6. Monitoring dan Pelaporan

Semua penggunaan dana harus masuk dalam RKAS, disertai bukti pendukung (nota, foto, dokumentasi acara). Laporan BOS tahap I disampaikan paling lambat 31 Juli, dan laporan tahunan paling lambat 31 Januari.

7. Best Practices dari Sekolah

  • SD Negeri Inovatif A: mengalokasikan Rp25 juta (10 %) untuk menambah koleksi berbagai jam, ruang baca nyaman, serta 3 kali lomba bercerita.

  • SMP Cerdas Literasi: digitalisasi koleksi, manjaga database buku, dan membuat blogger perpustakaan untuk review buku.

8. Tantangan & Tips Mitigasi

  1. Kurangnya pemahaman tim sekolah

    • Solusi: adakan sosialisasi juknis BOS serta workshop perencanaan.

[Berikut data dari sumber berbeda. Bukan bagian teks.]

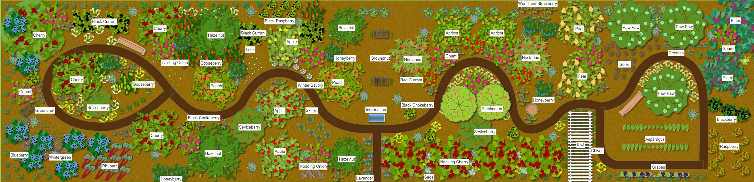 “The plants we’ve chosen will collect and cycle Earth’s minerals, water, and air; shade the soil and renew it with leafy mulch; and yield fruits and greens for people and wildlife.”

  2. Pembatalan anggaran karena honor berlebihan

    • Solusi: optimasi pembagian honor, pemeliharaan, dan penggunaan dana perpustakaan sesuai proporsi.

  3. Minat siswa rendah

    • Solusi: jadwalkan kegiatan rutin dan edukasi tenaga guru untuk mendorong literasi, serta adakan promosi kreatif acara baca.

Kesimpulan

Alokasi minimal 10 % Dana BOS Reguler untuk perpustakaan memberikan kesempatan besar untuk memperkuat fasilitas, koleksi, dan banyak kegiatan literasi di sekolah. Dengan tetap mematuhi ketentuan pemeliharaan (20 %) dan honor (maks. 50 %), sekolah dapat mewujudkan perpustakaan yang nyaman, lengkap, digital, serta menjadi pusat kegiatan literasi yang atraktif dan inspiratif.